Microcystin quantitation was achieved with LC–MS/MS using an Agilent 1200 HPLC and 3200 quadrupole ion trap (QTRAP) mass spectrometer with electrospray ionization (ABSciex). Specific mass spectrometry parameters are summarized in

Table 2. Mass spectrometry parameters for the detection of microcystins.

	Q1a (Da)	Q3b (Da)	Time (ms)	DPc (volts)	EPd (volts)	CEe (volts)	CXPf (volts)	CEPg (volts)	Retention Time (min)
NOD	825.563	135.3	150	96	12	75	4	40	4.55
MC-LA	911.395	135.2	150	51	12	81	4	36	4.62
MC-LR	995.699	135.1	150	116	12	99	4	36	4.67
MC-RR	519.960	135.2	150	131	7	41	4	26	4.88

^a First quadrupole, ^b third quadrupole, ^c declustering potential, ^d entrance potential, ^e collision energy, ^f collision cell exit potential, and ^g collision cell entrance potential.

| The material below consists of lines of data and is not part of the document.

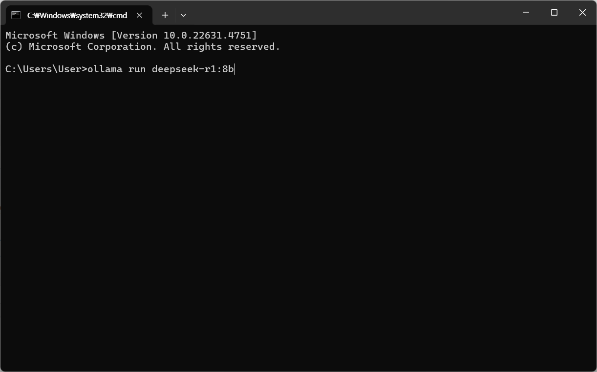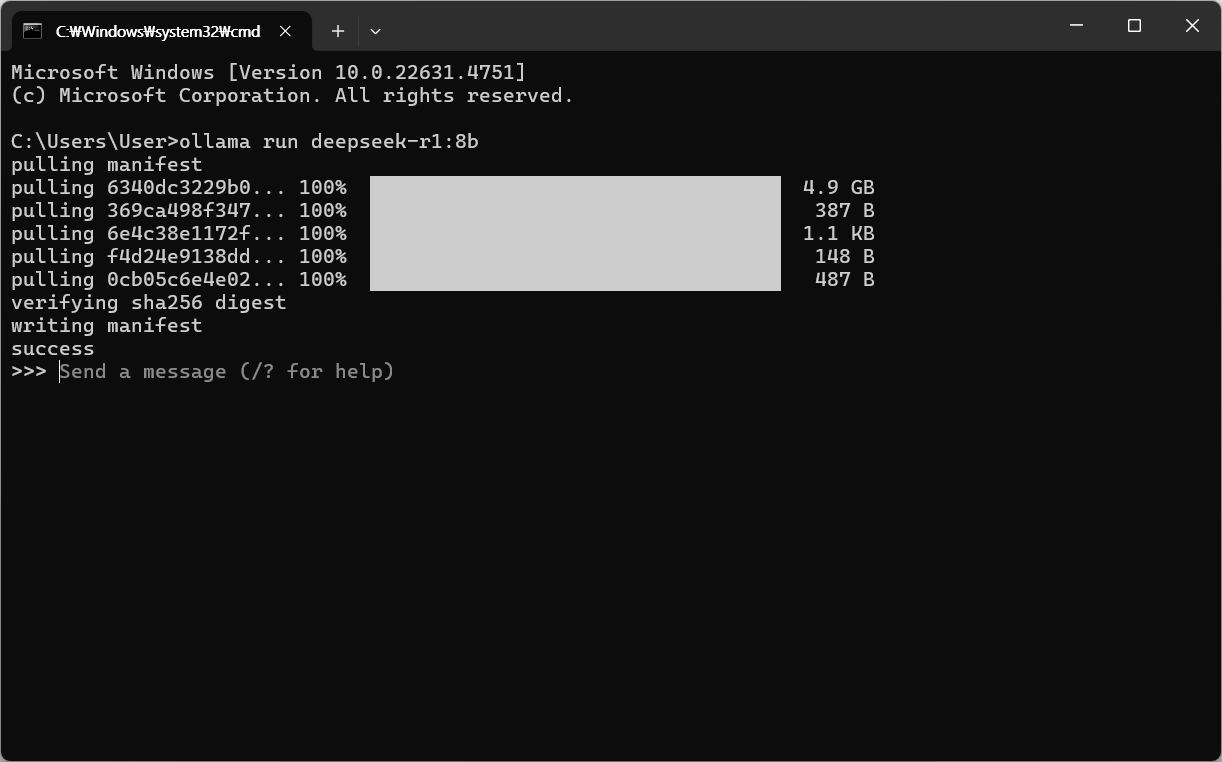 명령 프롬프트에 아까 복사한 'ollama run deepseek-r1:xb'을 입력하고 엔터를 누릅니다.
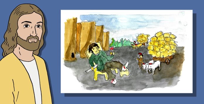 Hoje, escutamos a parábola do homem insensato, que confia nas riquezas materiais. «Minha alma, tens muitos bens em depósito para longos anos». Ah, sim? O que são “longos anos”? Perante a eternidade não são nada. – Além disso: “longos anos” podem converter-se para mim em poucos dias (semanas, meses). Só Deus tem domínio total sobre o tempo! E, o pior, é que nem o Céu nem Deus podem ser comprados com “trigo”.
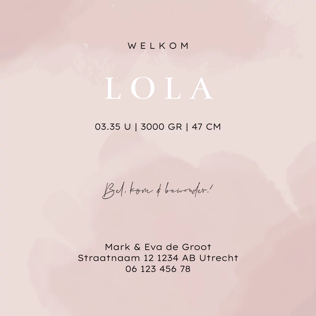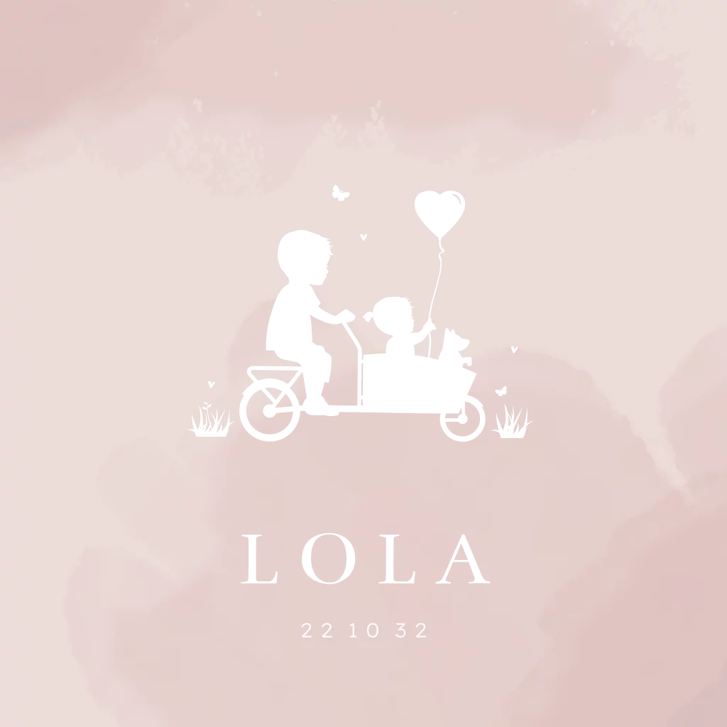 Een schattig geboortekaartje voor jullie tweede kindje. Het kaartje heeft lieve roségoudfolie silhouetjes van jullie eerste zoon en jullie meisje. Het kaartje heeft een roze watercolour achtergrond.

. In order to achieve separation, a Poroshell 120 SB-C18 column (4.6 × 150 mm, 2.7 µm, Agilent Technologies) was used with 0.5 mM ammonium fluoride and acetonitrile (ACN) at 1 mL min⁻¹ and 40 °C, with 20-µL sample injections. For the mobile phase gradient, 10% ACN was held for 0.5 min, which was increased to 100% ACN over 4.5 min and held for 1 min. The mobile phase composition was then returned to 10% ACN over 0.5 min and equilibrated for 3.5 min before the next injection. The calibration curves for each microcystin were linear from 0.5 to 500 µg L⁻¹.

4. Conclusions

In this study three common microcystins, MC-LA, MC-LR, and MC-RR, were successfully degraded in water using a UV/TiO₂ photocatalytic AOP_. E_EO values calculated for TPA conversion determined continuous UV-LED illumination to be less efficient than all the CPI conditions tested, demonstrating the potential of CPI to improve the efficiency of the photocatalytic AOP. Under continuous illumination, the negatively charged MC-LA degraded at more than twice the rate of MC-LR or MC-RR because it preferentially adsorbed onto the positive PTT membrane catalyst. The pH dependence of the degradation rates suggests that the isoelectric point of the catalyst can be tuned to improve the degradation of target pollutants in water of a known pH, given the compound charges. CPI conditions of 0.5, 5, and 50 Hz as well as dual 0.5 and 25 Hz with a 50% duty cycle were also examined for treating microcystins. When considering the cumulative microcystin solution, the 0.5 and 5 Hz CPI conditions were determined to be more efficient than continuous UV light based on the calculated E_EO. These results can be explained by mass-transfer limitations, where the rate of adsorption and desorption onto the surface of the catalyst limits photonic efficiency. The results of this work indicate that the use of CPI has the potential to improve the energy efficiency and light source life span in photocatalytic AOPs and is worth further investigation. Improving these parameters makes photocatalytic AOPs more attractive as a large-scale water treatment solution because they have the potential to greatly decrease costs.